Destino de sueños

En aquellos viajes, la imaginación volaba en primera clase, rumbo a uno de los destinos más deseados por aquel entonces, el Futuro. Lugar de veraneo durante todo el año, paraíso soñado especialmente cuando el crudo invierno se cebaba en la realidad donde residía.

Allí era feliz. No era barato, ciertamente, pero hay precios asumibles a sabiendas de su valía. La inversión requerida compensaba tanto en el momento como a largo plazo.

En aquel destino turístico por excelencia, el día a día llegaba sin más, de forma natural, con un grado de satisfacción variable dependiendo de un sin fin de circunstancias, incluido el estado de ánimo que de todo hay incluso en el paraíso de los sueños. La vida fluía como consecuencia lógica del camino andado y la satisfacción al terminar las jornadas solo era comparable con la certeza de que el sol volvería a salir.

Regresar a casa tras las vacaciones, cortas o largas, resultaba especialmente duro y desalentador por la lucha diaria implícita.

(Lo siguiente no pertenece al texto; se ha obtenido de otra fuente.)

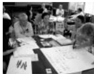
グループに分かれて話し合い、検討を繰り返します。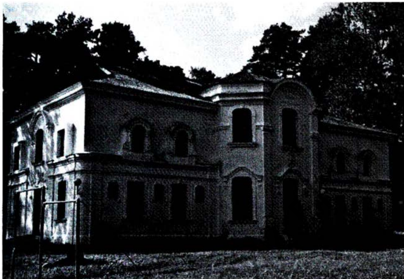
Рис. 4. Зимний дворец поместья графского рода Пусловских „Альбертин“, XIX век. Слоним, современный вид [10]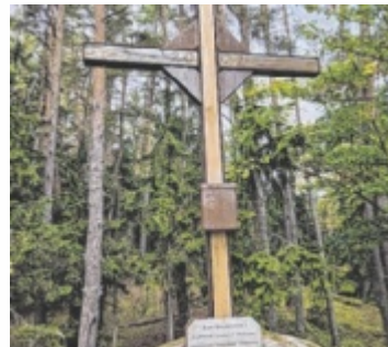
Gipfelkreuz Himmelsstiege

Um 10 Uhr wird vom Marktplatz in Neumarkt Richtung Baumgarten und Lamm marschiert, die Himmelsstiege samt Gipfelkreuz und Labstelle erklimmen und dann über Steigersdorf zurückgewandert. Bei Regen wird die Wanderung verschoben. N7 ist die Bezeichnung des Rundwanderweges, den Karl Ortner mit Unterstützung der Gemeinde beschildert hat. Für die 15,7 Kilometer mit 607 Höhenmetern sind etwa fünf Stunden einzuplanen. „Neumarkt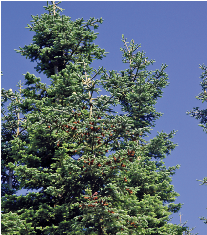
Die Nobilis auf Langesø: Viele Zapfen bedeuten schlechte Reisigqualität.

Pflicht. Jørgen Kæhlershøj gegründet im Jahr 1997 das Unternehmen mit dem Ziel, Maschinen für die Weihnachtsbaumproduktion, für Baumschulen und für Beeren- und Obstplantagen zu produzieren. Heute sind 25 Mitarbeiter beschäftigt und fast wöchentlich verlässt ein Gerät die Firma zu einem Produzenten. Das Besondere: Die Firma ist spezialisiert auf individuelle Spezialtraktoren, maßgeschneidert auf den jeweiligen Betrieb. Die Preise schwanken zwischen 11.000 Euro für einen Kleintraktor bis zu über 120.000 Euro für einen 100 PS-Portaltraktor.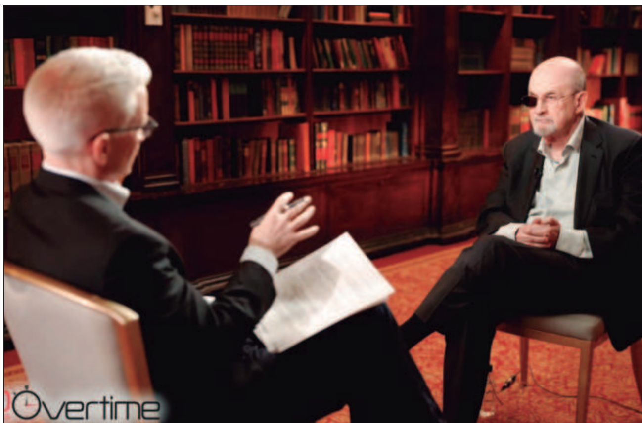
▲ El ataque contra el novelista ocurrió el 12 de agosto de 2022, minutos antes de que presidiera una charla en el auditorio de la Institución Chautauqua, en Nueva York: perdió la vista de un ojo y una mano quedó incapacitada. Foto captura de pantalla

Algunas de sus obras más sobresalientes son Hijos de la medianoche , El último suspiro del moro , Joseph Anton y Quijote .

Enfrentarse a la incógnita de no saber que depararía el mañana, a la permanente duda de hacia dónde dirigirse, junto a quién continuar con ciertas garantías, hasta dónde llegar sin un excesivo coste o por lo menos sin hipotecar la vida. Allá en el presente, las dudas eran permanentes, numerosas, agotadoras.

Casi sin darse cuenta. No, eso no era cierto en absoluto. En realidad, era perfectamente consciente del trayecto recorrido, las fuerzas invertidas y las ilusiones abandonadas en el camino. Pero si fue de repente que las decisiones comenzaron a pesar mientras los interrogantes acechaban tras cada esquina y la incertidumbre se instalaba dispuesta a quedarse.

En el transcurso de una escapada, en principio en nada diferente a tantas otras realizadas con anterioridad, descubrió sin previo aviso que la seguridad no iba incluida en el billete, que la clase turista es la más popular por ser la menos exigente, de la necesidad de desabrocharse el cinturón para poder levantarse del asiento, que la salida de emergencia solo es para emergencias y mejor no verse obligado a utilizarla. Que los puntos por fidelidad ya no tienen valor alguno, que el seguro de viaje es un fraude y las tasas un atraco. Pero lo peor llegaría cuando al intentar confirmar el regreso le explicaron apresuradamente, sin entrar en detalles, que la compañía había quebrado y la vuelta era cosa suya.